Leopoldo Fernández Pujals, born on March 12, 1947, is a Cuban-born Spanish-American businessman.”

== Biography ==
Leopoldo Fernández Pujals was born in Cuba to an affluent Spanish family. His Catalan mother was an architect and his Asturian father was a notary. One year after the Cuban Revolution, when Leopoldo was 13 years old, his family went into exile in Miami. In 1968, he enlisted in the Marines at the officer school of Fort Belvoir in Virginia. He ranked first in his class, later becoming an instructor. He fought in the Vietnam War, from which he returned to the United States with a medal and captain's bars.

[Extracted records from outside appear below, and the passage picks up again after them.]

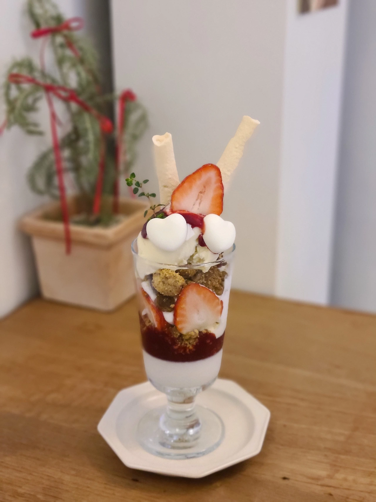 어릴 적 먹던 파르페는 마트에서 파는 3색 아이스크림과 웨하스, 빼빼로 등의 과자가 장식된 다소 획일화된 모양이었다면 요즘의 파르페는 한참을 감상하게 된다.
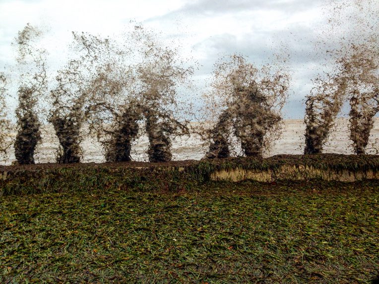 The devastating hurricanes of 2017 tore through these imagined borderwaters. Dominicans watched as Puerto Rico, Turks and Caicos, and the Bahamas were pounded by wind, waves, and rain, bracing for the impact of a weather system headed their way. The boundary between land and sea, reinforced in Monte Cristi by the seawall pictured here, did little to stop the violent swells coming into the bay. Lobster, eels, fish, and mountains of sea grass were sloshed to land by mud-heavy swells, reminders that aqueous territories have their own rules of engagement.
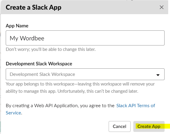 A popup opens prompting you to name the app. Select your Slack workspace and confirm:
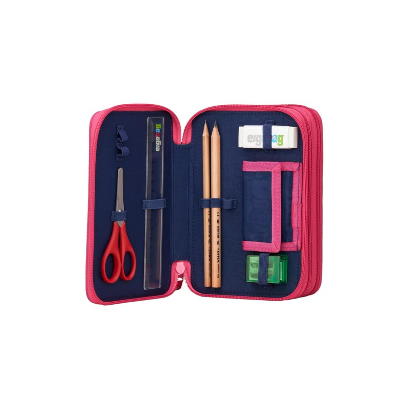 ergobag Maxi Pencil Case Set, 40 Pieces, Lyra Colouring and Felt Tip Pens, Change Compartment, Ruler, Scissors, SternzauBär - Pink
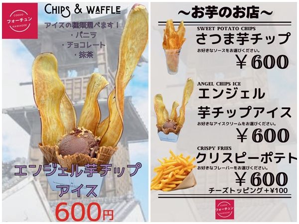 看板スイーツの「エンジェル芋チップアイス」をはじめとしたドリンクやポテト、冷たいかき氷などを販売しており、様々なメニューを取り揃えています。 暑い夏の川越散策に、まさにオアシス的な存在です。
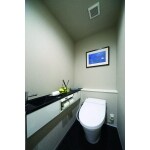 タンクレストイレのサティスを設置しました。 手洗い器は様々なサイズや収納パターンが選べる「キャパシア」のフロートキャビネットを選定されました。 フロートキャビネットは、足元がスッキリとしているので空間を圧迫することなく手洗いカウンターを設置することができます。 パールブラックの人造大理石カウンターで、高級感のある印象に変わりました。 今回、水廻り全体の位置を変更し、洗面化粧室とトイレの間に扉は設けず、ホテルのようにつながる空間にリフォームしました。
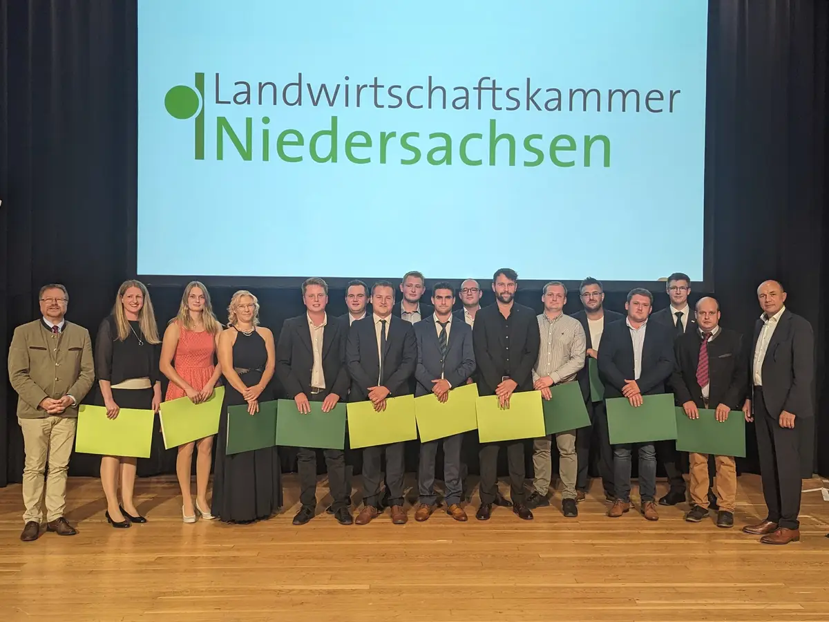 Die erfolgreichen Auszubildenden sind Torsten Bagenz (bei Matthias Pape, Lutterbeck), Dominik Curdt (bei der Kurre-Pickel GbR, Angerstein), Jan Elligsen (bei der Ebeling-Engelhardt GbR, Wolperode), Friederike Elisabeth Erle (bei Axel Rothmann, Fuldatal), Märten Feßel (beim Nds. Hengstaufzuchtgestüt Hunnesrück), Johannes Hermann Fricke (bei Joachim Sander, Groß Köhren), Jonas Geese (bei der AgroCon GbR, Imbshausen), Lucas Haake (bei der Land BG Ballenhausen), Marlon Häger (bei Arne Röttcher, Lagershausen), Joel Hain (bei Michael Dörnte, Lutterbeck), Friedrich-Willi Herbst (bei Konstantin Preis, Duderstadt), Hendrik Holze (bei der Kurre-Pickel GbR, Angerstein), Jana Patrice Hünermund (bei der Gebrüder Weber GbR, Steinbach), Lars Jünemann (bei Helmut Rhode, Mingerode), Ferdinand Krieter (beim Biolandhof Müller-Oelbke, Etzenborn), Johanna Lindemann (bei der Plesse Milch GmbH & Co. KG, Reyershausen), Niklas Mann (bei Henning Meyer, Rengershausen), Jan-Cédric Maussang (bei Marcus Stieg, Reiffenhausen), Jessica Meese (beim Versuchsgut der Uni Göttingen, Relliehausen), Florian Menge (bei Arne Kalbreier, Hahausen), Matthis Menzel (bei der Böning GbR, Potzwenden), Justus Nolte (bei Frank Nolte, Desingerode), Laura Nolte (bei Frank Nolte, Desingerode), Hauke Oerke (bei Christian Höltje, Moringen), Marius Peckmann (bei der Sonnenberg GbR, Ahlshausen), Felix Rohmeier (bei der Schütte GbR, Bevern), Laura Schaper (bei der Scheibner-Emmig GbR, Espol), Niklas Schrader (bei Markus Schelm, Billerbeck), Moritz Seidensticker (beim Versuchsgut der Uni Göttingen, Relliehausen), Viktor Stillig (bei Arne Kalbreier, Hahausen), Elias Trutwig (bei der Gebrüder Weber GbR, Steinbach), Vincent Winkel (bei Jochen Maring, Winzenburg) und Leon Winter (beim Nds. Hengstaufzuchtgestüt Hunnesrück).
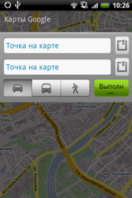 При этом пиктограмма в строке состояния мигает зеленым цветом. Географические координаты с помощью навигатора определяются достаточно быстро, для этого обычно достаточно нескольких минут. С целью экономии заряда батареи можно определять свою дислокацию, используя только систему A-GPS. Для точного расчета маршрута следования очень удобно пользоваться приложением «Карты», разработанное компанией Google в котором есть несколько режимов навигации: пешеходный, автомобильный, а также оригинальный режим, который учитывает графики движения общественного транспорта в крупных мегаполисах.

He studied finance and went to work at the multinational Procter & Gamble. He later moved to Johnson & Johnson in 1981. Six years later he opened a pizzeria on Monforte de Lemos street in El Barrio del Pilar, Madrid, where he kneaded pasta and gave it to the children in the neighborhood. In the mornings, Leopoldo went to work at Johnson & Johnson in a suit and tie; in the afternoon, he put on his apron and made pizzas until the early hours of the morning, including weekends. He then set up Pizzaphone, which later became Telepizza. In 1993, it had 100 stores in Spain, which grew to 150 a year later and 204 the following year.

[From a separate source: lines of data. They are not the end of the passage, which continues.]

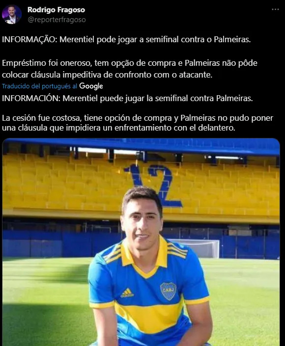 ¿De qué se trata? Miguel Merentiel pertenece a Palmeiras y está en Boca a préstamo hasta diciembre. Ante las consultas de los hinchas, varios medios brasileños aclararon que la “Bestia” está habilitado para jugar la serie porque no hay ninguna cláusula que lo impida. Y eso generó el fastidio de los fanáticos del equipo verde.
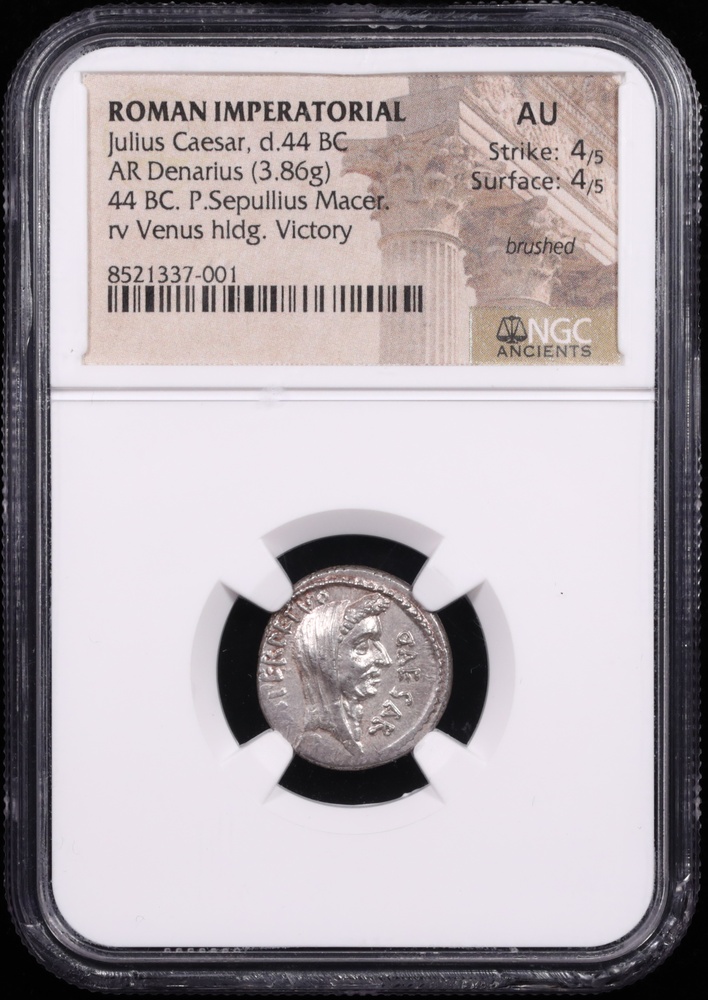 44 BC Julius Caesar Dictator Perpetuo Silver Denarius NGC AU 4x4
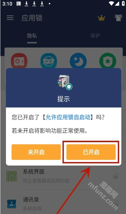 当弹出权限请求对话框时,请点击“允许”按钮,以此授予应用锁功能所需的权限。
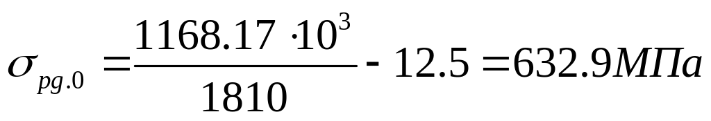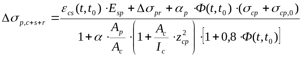 – изменение напряжений в напрягаемой арматуре в расчетном сечении, вызванные релаксацией арматурной стали, для вычисления которых сначала определяем – напряжения в арматуре, вызванные натяжением (с учетом первых потерь в t=t0) и от действия практически постоянной комбинации нагрузок.
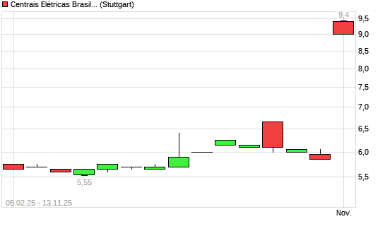 Mit dem Anstieg auf 9,95 EUR hat die Centrais-Aktie (ISIN BRELETACNOR6) am 04.02.2026 ein neues 5-Jahres-Hoch erreicht und damit den Kurs vom 07.11.2022 eingestellt.

In 1996, a dispute with his brother over the company's management left him in charge. In May 1997, Leopoldo acquired Pizza World for 1.9 billion pesetas (US$12,524,200). After that, he bought a transport company and then its cheese supplier. By mid-1998, it had achieved a market share of 62 percent. The business continued to grow and diversify both in Spain and abroad, until in 1999 it sold all its shares, an operation for which it received some 300 million euros. In 1995 he created the Centurión stud farm, the largest stud farm of purebred Spanish horses in San Pedro de las Dueñas, (Lastras del Pozo), (Segovia)

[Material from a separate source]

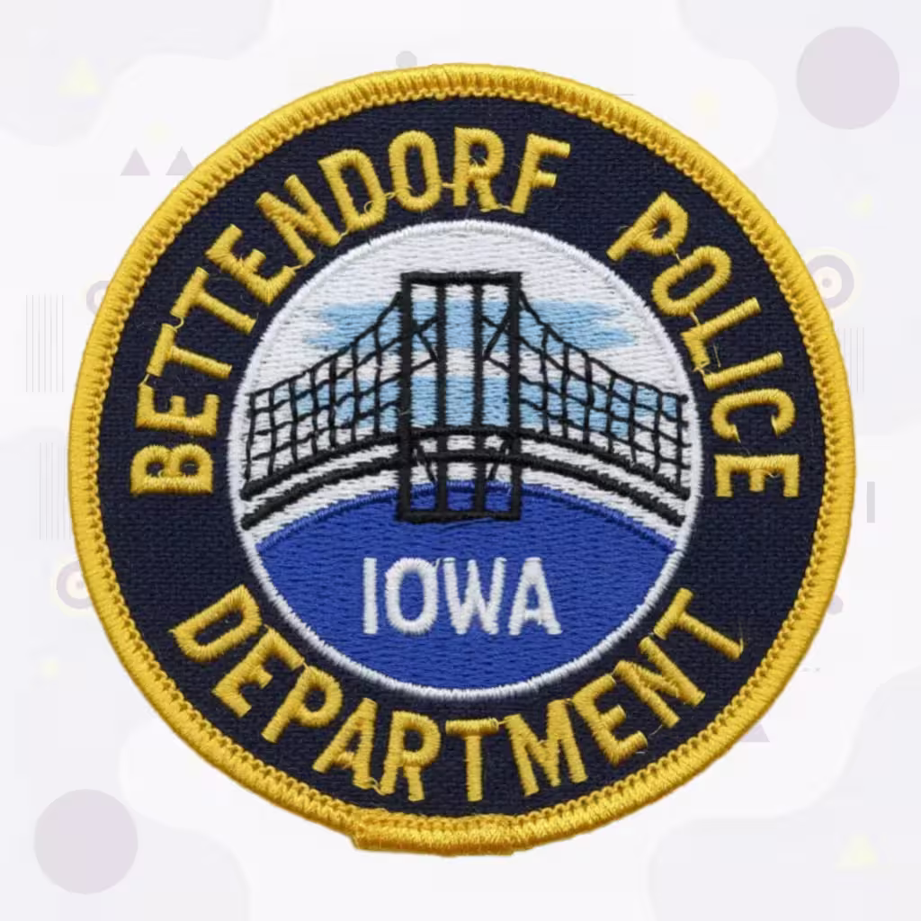 This round police embroidered patch features a bold riverside design highlighting the iconic Mississippi River crossing, designed for the Bettendorf Police Department—serving one of Iowa’s thriving Quad Cities communities in Scott County along America’s greatest river.

In September 2004, Fernández Pujals launched into the world of telecommunications, by acquiring 24.9 percent of Jazztel, a broadband operator created in 1997 by Argentine Martin Varsavsky. Fernández Pujals contributed 61.8 million euros (US$67,320,900) to relaunch the company. In 2009, the founder of Telepizza returned to his origins and participated in the creation of a chain of pizzerias, La Original, together with two of his former directors from Telepizza, Pedro Español and Miguel Ángel Rodríguez.